Repeat the following entries exactly, excluding pictures.

+++ PROVIDED DATA

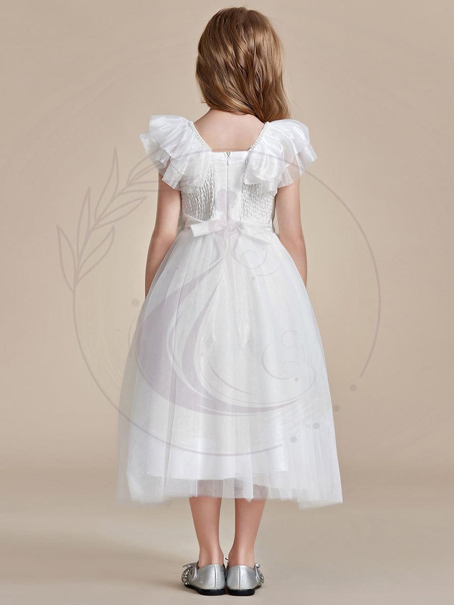 Assurez-vous que votre jeune fille d’honneur brille de mille feux tel un personnage de fable avec cette robe sophistiquée pour enfants destinée aux cérémonies. Ornée d’un adorable nœud et d’une jupe aérienne en tulle, elle incarne le choix idéal pour toute festivité d’importance.
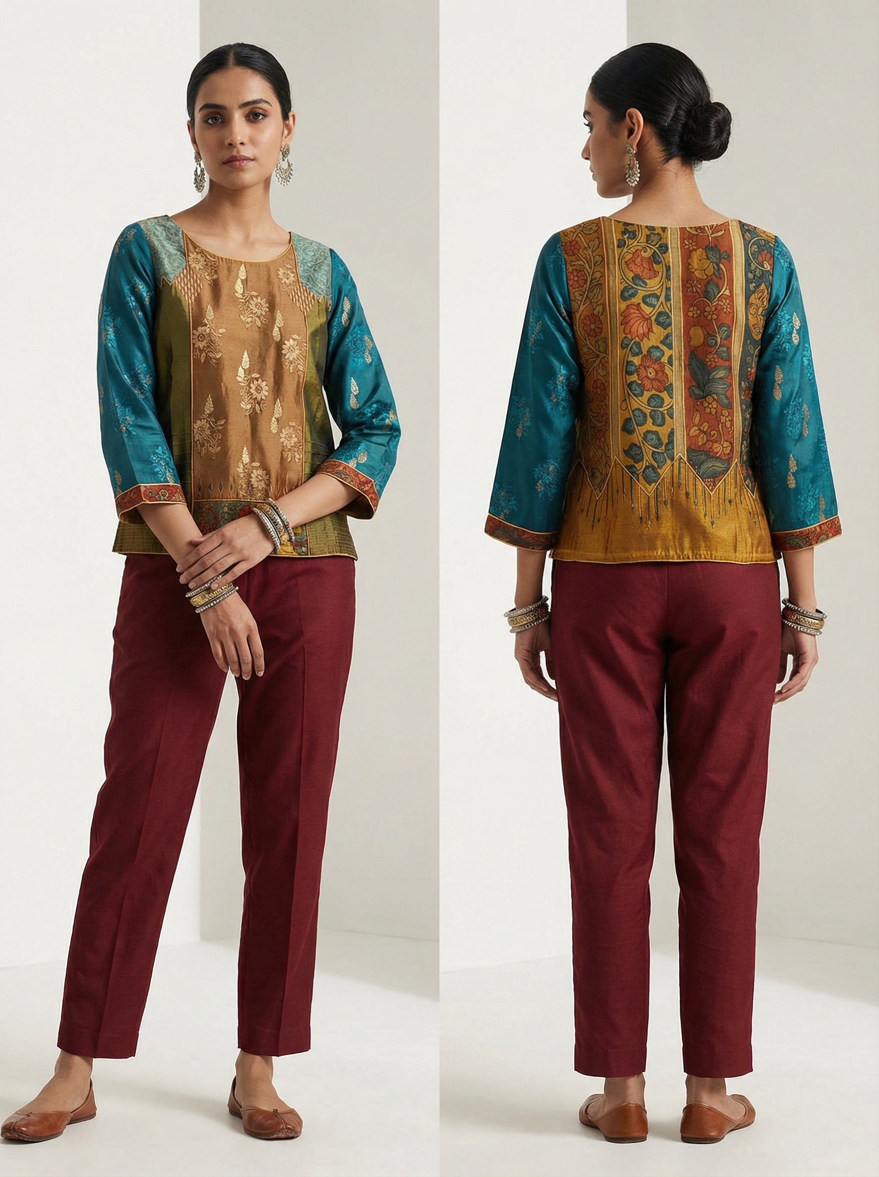 Either side can be made as front depending upon the purpose, whether to be used with a saree or with a dhoti pant or skirts .The short blouse has a very unique formal appeal and can be coordinated with trousers for a indo western look.
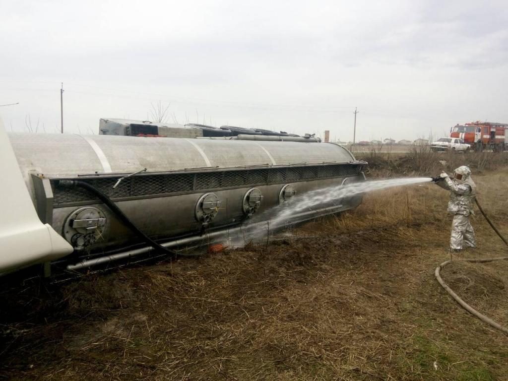 Спасатели провели охлаждение цистерны и покрытие разлитого топлива пенной подушкой.
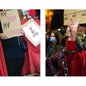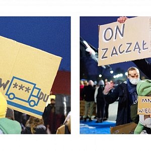 Najlepszy był lajf na RW. Pan Marek ledwo tylko wypowiedział "Jebać komuchów" a już dostał w ucho megafonem od pani prowadzącej. I odrazu poszła kontra że nie ujawnia swojego nazwiska. Ale jak się krzyczy "Jebać PiS" to już nie trzeba się przedstawiać. He he. Na koniec piesek dostał też z megafonu po uszach a pan Marek dostał gromkie "Wypierdalaj"... Ach te kobiety, dla których pisze się wiersze - jak głosi jeden z transparentów. Fajne focie. Net na szczęście ma to do siebie, że jak coś wrzucisz to już tak trwale nie usuniesz (jak ciąży). Zobaczymy jakie będzie przyszłych pokoleń baczenie na te zdjęcia. ;) kobit wrzesińskich ;-)
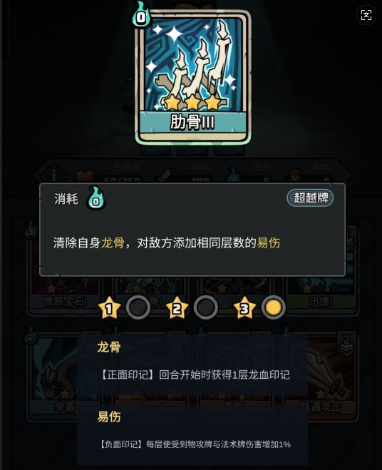 肋骨,0费超越牌。本身没有实际作用,需要配合自身BUFF“龙骨”才能产生效果。效果与自身“龙骨”BUFF挂钩,清除自身“龙骨”BUFF,给目标添加DeBUFF“易伤”。卡牌消耗0费,无“移除属性”。套用小白的一句话
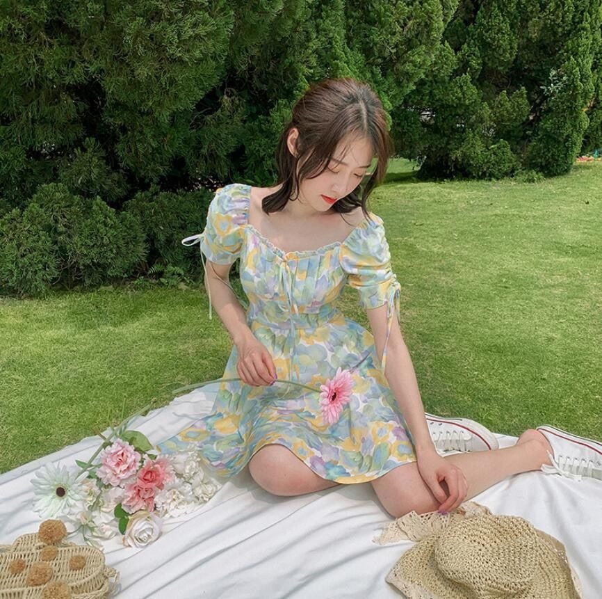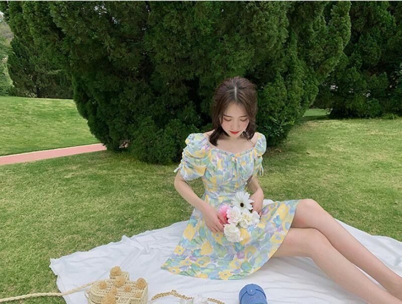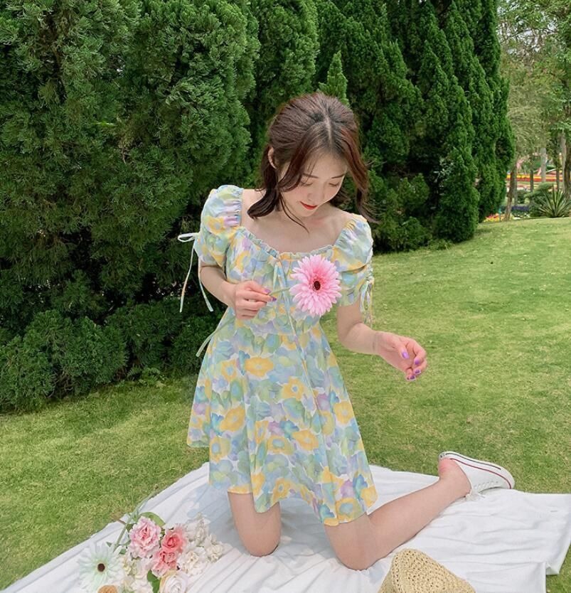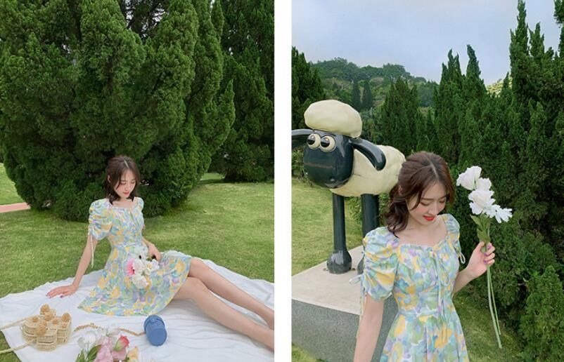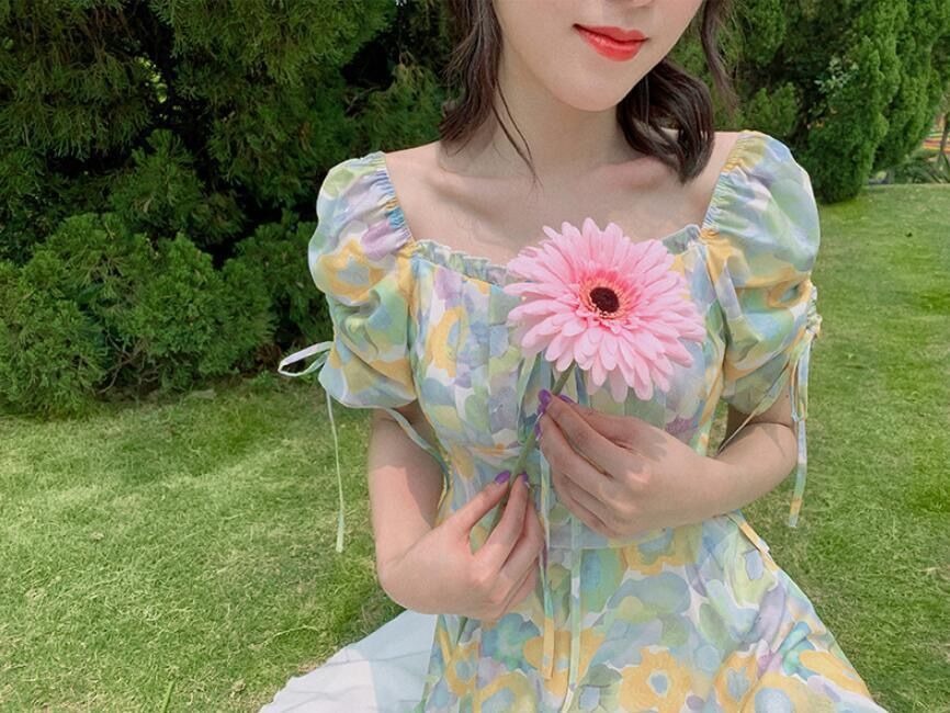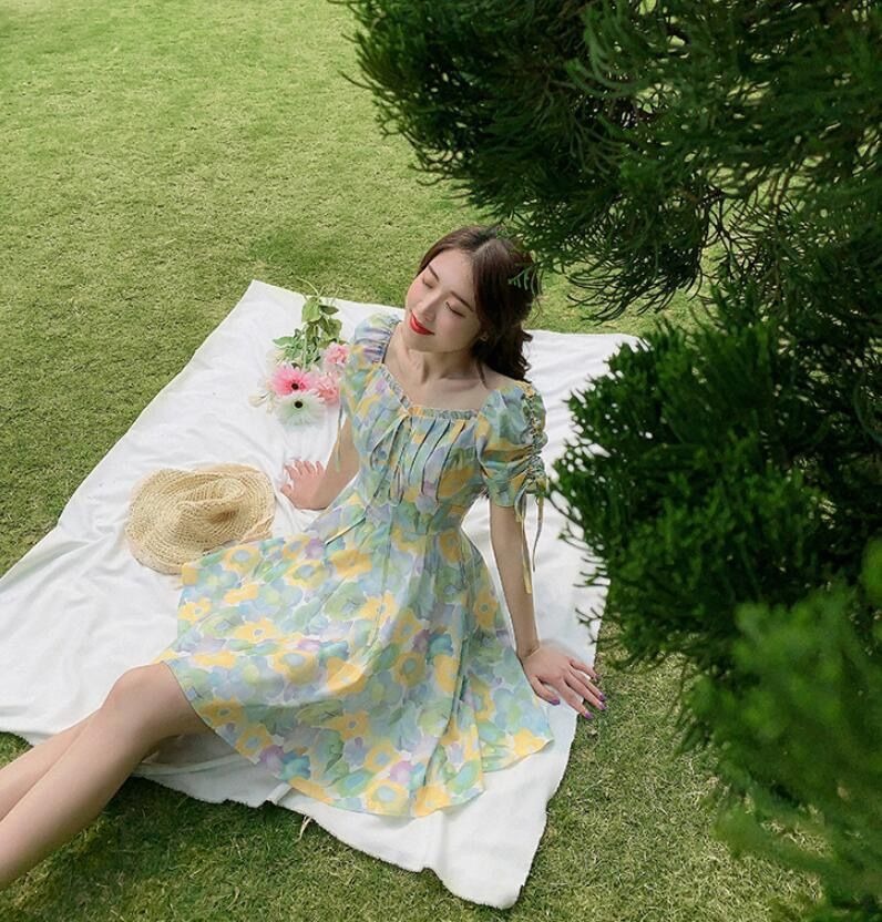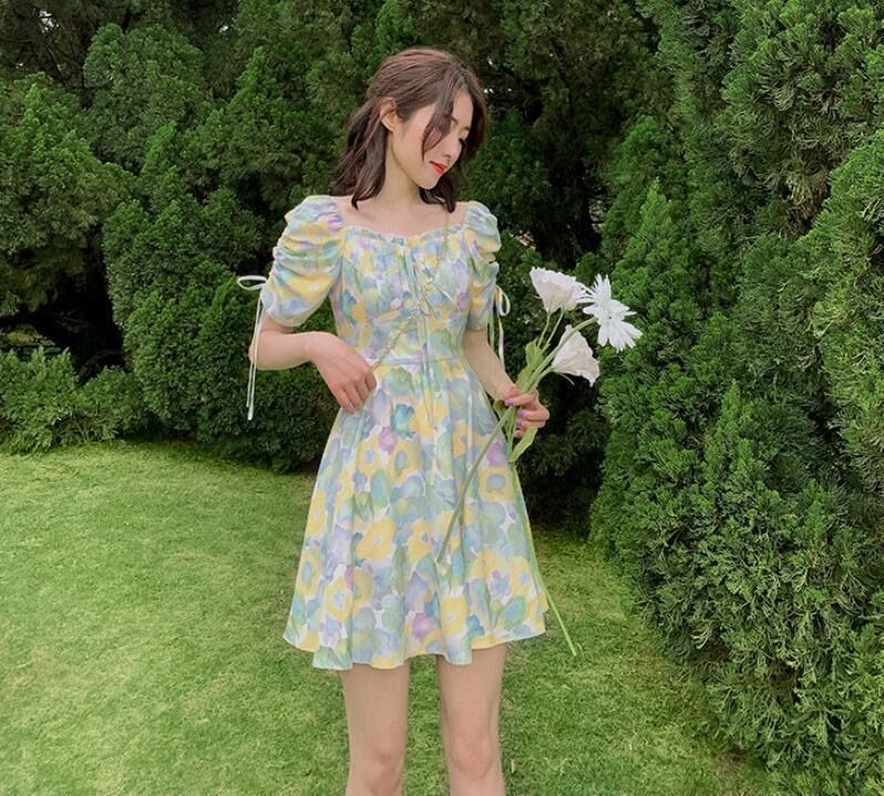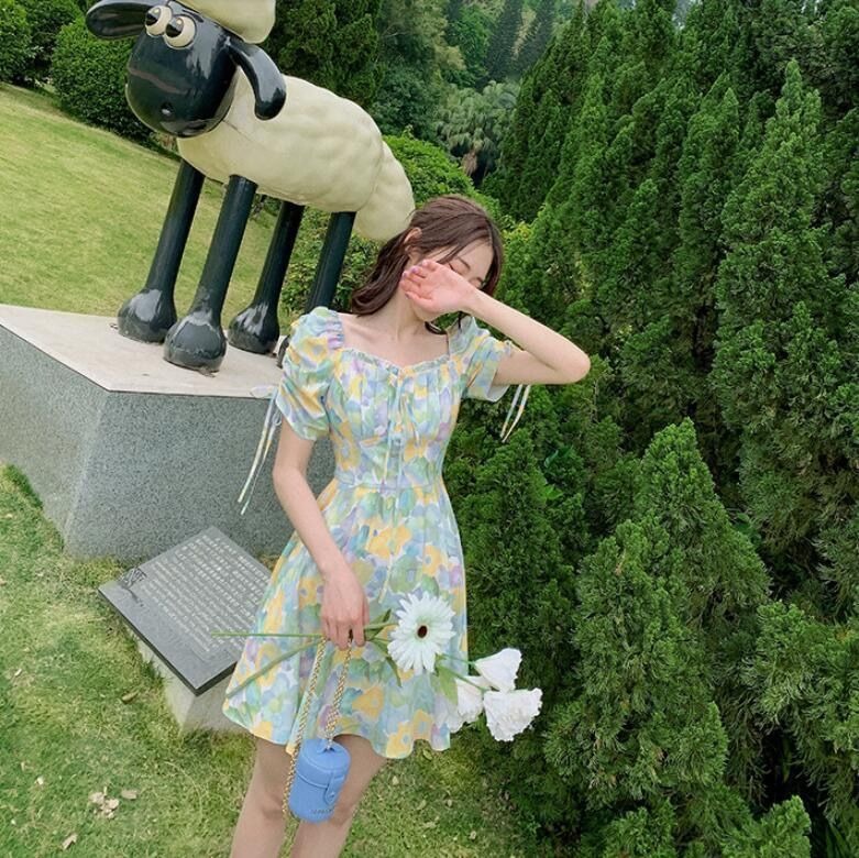 2023夏季新款裙子女装短袖气质高腰a字法式绿色方领碎花连衣裙

++++++

● **ANSWER TO THE PROBLEM**:
 Assurez-vous que votre jeune fille d’honneur brille de mille feux tel un personnage de fable avec cette robe sophistiquée pour enfants destinée aux cérémonies. Ornée d’un adorable nœud et d’une jupe aérienne en tulle, elle incarne le choix idéal pour toute festivité d’importance.
 Either side can be made as front depending upon the purpose, whether to be used with a saree or with a dhoti pant or skirts .The short blouse has a very unique formal appeal and can be coordinated with trousers for a indo western look.
 Спасатели провели охлаждение цистерны и покрытие разлитого топлива пенной подушкой.
 Najlepszy był lajf na RW. Pan Marek ledwo tylko wypowiedział "Jebać komuchów" a już dostał w ucho megafonem od pani prowadzącej. I odrazu poszła kontra że nie ujawnia swojego nazwiska. Ale jak się krzyczy "Jebać PiS" to już nie trzeba się przedstawiać. He he. Na koniec piesek dostał też z megafonu po uszach a pan Marek dostał gromkie "Wypierdalaj"... Ach te kobiety, dla których pisze się wiersze - jak głosi jeden z transparentów. Fajne focie. Net na szczęście ma to do siebie, że jak coś wrzucisz to już tak trwale nie usuniesz (jak ciąży). Zobaczymy jakie będzie przyszłych pokoleń baczenie na te zdjęcia. ;) kobit wrzesińskich ;-)
 肋骨,0费超越牌。本身没有实际作用,需要配合自身BUFF“龙骨”才能产生效果。效果与自身“龙骨”BUFF挂钩,清除自身“龙骨”BUFF,给目标添加DeBUFF“易伤”。卡牌消耗0费,无“移除属性”。套用小白的一句话
 2023夏季新款裙子女装短袖气质高腰a字法式绿色方领碎花连衣裙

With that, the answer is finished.